> **EXERCISE**: All of the entries must be output exactly as they are.

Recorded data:
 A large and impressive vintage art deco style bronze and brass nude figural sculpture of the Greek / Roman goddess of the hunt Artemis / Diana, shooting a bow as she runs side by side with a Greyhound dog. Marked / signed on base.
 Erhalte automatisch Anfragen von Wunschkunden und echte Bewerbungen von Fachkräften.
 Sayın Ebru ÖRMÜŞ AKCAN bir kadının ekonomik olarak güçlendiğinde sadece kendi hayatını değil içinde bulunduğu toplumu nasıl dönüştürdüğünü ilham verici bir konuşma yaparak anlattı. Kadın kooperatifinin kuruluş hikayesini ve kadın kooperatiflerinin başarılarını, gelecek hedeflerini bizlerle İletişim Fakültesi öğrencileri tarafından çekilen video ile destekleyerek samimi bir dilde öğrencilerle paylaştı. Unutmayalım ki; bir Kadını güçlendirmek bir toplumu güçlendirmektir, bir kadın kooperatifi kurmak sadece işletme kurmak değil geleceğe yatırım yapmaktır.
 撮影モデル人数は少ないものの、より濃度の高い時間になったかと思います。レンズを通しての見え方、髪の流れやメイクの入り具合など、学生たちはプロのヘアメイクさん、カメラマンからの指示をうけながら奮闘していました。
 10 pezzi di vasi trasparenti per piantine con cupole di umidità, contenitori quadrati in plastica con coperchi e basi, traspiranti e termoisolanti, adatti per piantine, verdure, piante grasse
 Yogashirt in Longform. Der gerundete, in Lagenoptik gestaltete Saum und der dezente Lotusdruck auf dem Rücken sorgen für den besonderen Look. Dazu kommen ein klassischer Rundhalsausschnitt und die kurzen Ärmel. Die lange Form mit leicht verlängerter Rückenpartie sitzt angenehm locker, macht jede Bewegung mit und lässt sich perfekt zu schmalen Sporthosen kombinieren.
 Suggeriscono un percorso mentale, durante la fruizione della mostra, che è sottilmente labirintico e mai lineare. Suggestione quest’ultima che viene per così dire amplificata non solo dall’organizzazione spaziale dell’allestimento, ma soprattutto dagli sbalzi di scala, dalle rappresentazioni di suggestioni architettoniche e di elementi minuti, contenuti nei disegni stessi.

> **RESULT OF THE EXERCISE**:
 A large and impressive vintage art deco style bronze and brass nude figural sculpture of the Greek / Roman goddess of the hunt Artemis / Diana, shooting a bow as she runs side by side with a Greyhound dog. Marked / signed on base.
 Erhalte automatisch Anfragen von Wunschkunden und echte Bewerbungen von Fachkräften.
 Sayın Ebru ÖRMÜŞ AKCAN bir kadının ekonomik olarak güçlendiğinde sadece kendi hayatını değil içinde bulunduğu toplumu nasıl dönüştürdüğünü ilham verici bir konuşma yaparak anlattı. Kadın kooperatifinin kuruluş hikayesini ve kadın kooperatiflerinin başarılarını, gelecek hedeflerini bizlerle İletişim Fakültesi öğrencileri tarafından çekilen video ile destekleyerek samimi bir dilde öğrencilerle paylaştı. Unutmayalım ki; bir Kadını güçlendirmek bir toplumu güçlendirmektir, bir kadın kooperatifi kurmak sadece işletme kurmak değil geleceğe yatırım yapmaktır.
 撮影モデル人数は少ないものの、より濃度の高い時間になったかと思います。レンズを通しての見え方、髪の流れやメイクの入り具合など、学生たちはプロのヘアメイクさん、カメラマンからの指示をうけながら奮闘していました。
 10 pezzi di vasi trasparenti per piantine con cupole di umidità, contenitori quadrati in plastica con coperchi e basi, traspiranti e termoisolanti, adatti per piantine, verdure, piante grasse
 Yogashirt in Longform. Der gerundete, in Lagenoptik gestaltete Saum und der dezente Lotusdruck auf dem Rücken sorgen für den besonderen Look. Dazu kommen ein klassischer Rundhalsausschnitt und die kurzen Ärmel. Die lange Form mit leicht verlängerter Rückenpartie sitzt angenehm locker, macht jede Bewegung mit und lässt sich perfekt zu schmalen Sporthosen kombinieren.
 Suggeriscono un percorso mentale, durante la fruizione della mostra, che è sottilmente labirintico e mai lineare. Suggestione quest’ultima che viene per così dire amplificata non solo dall’organizzazione spaziale dell’allestimento, ma soprattutto dagli sbalzi di scala, dalle rappresentazioni di suggestioni architettoniche e di elementi minuti, contenuti nei disegni stessi.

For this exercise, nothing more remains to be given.